Currently, the development of feasible and safe TAVI implantation techniques in order to reach commissural alignment is an important topic in the literature [30]. Whereas in subjects undergoing SAVR, visual inspection allows the alignment of the bioprosthetic valve commissures with those of the native aortic valves, positioning of the prosthesis during TAVI occurs randomly and may lead to commissural misalignment [14]. Considering the results of the current analysis, an optimized implantation technique in order to allow commissural alignment might potentially contribute to the prevention of HALT after TAVI and thereby positively influence valve durability and functionality. In this context, a patient- and valve-specific, fluoroscopy-based implantation technique to obtain commissural alignment by rotation of the prosthesis at the level of the aortic valve has recently been published [30].

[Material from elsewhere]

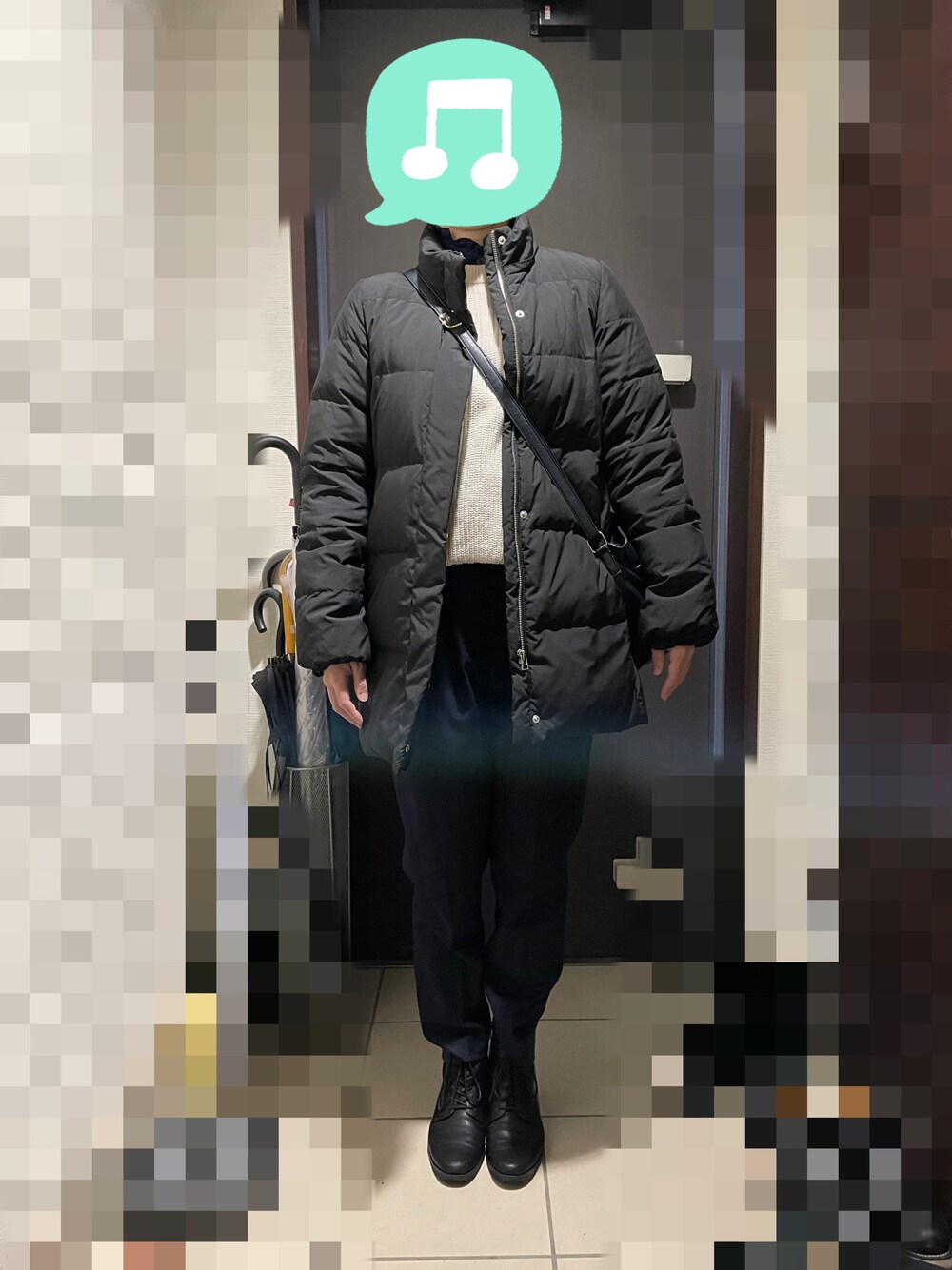 見ていただきありがとうございます☆ 今回は、試着用コーデです! この日は晴れて最高気温9℃、強風でした。昼から夕方にかけて外出。 ずっと狙っていた服(ジャンスカ)を試着するために、トップスに厚手のニットと下にブラウスを選びました。 流石にニットはインできませんでしたが、ジャンスカの上からなら合いました! ボトムスは黒のタイツを履いてからネイビーのパンツに。 アウターは白系にしようと思ったのですが寒すぎて黒のダウンになり、ニット以外が暗くなりすぎてしまいました💦

The current analysis has some limitations. First, its retrospective, single-center, cross-sectional design with a small sample size may impair statistical comparisons between the two groups. Second, the definition of four categories of commissural (mis-)alignment represents an arbitrary approach. However, this technique allows a comparable classification of commissural (mis-)alignment throughout the study population and has been applied successfully in other studies [14, 30]. Third, the results of the current study might possibly suggest, but do not prove an association between commissural misalignment and altered flow patterns in the aortic root, leading to HALT after TAVI. However, the current analysis was not designed in order to explore the pathophysiological, blood-flow related mechanisms behind the development of HALT, but to examine the role of commissural alignment in the development of leaflet thrombosis after TAVI. In this context, further exploration and comparison of aortic flow patterns in subjects with and without commissural misalignment after TAVI might offer interesting new insights into the pathophysiological mechanisms behind the occurrence of leaflet thrombosis. Similarly, the current analysis does not provide any information on clinical consequences of HALT, e.g. thromboembolic complications or clinical advantages of obtaining commissural alignment in subjects undergoing TAVI.

In conclusion, subclinical leaflet thrombosis after TAVI is associated with commissural misalignment. Pathophysiological, blood-flow-related mechanisms behind the development of HALT as well as a potential clinical benefit of attempting commissural alignment remain to be assessed.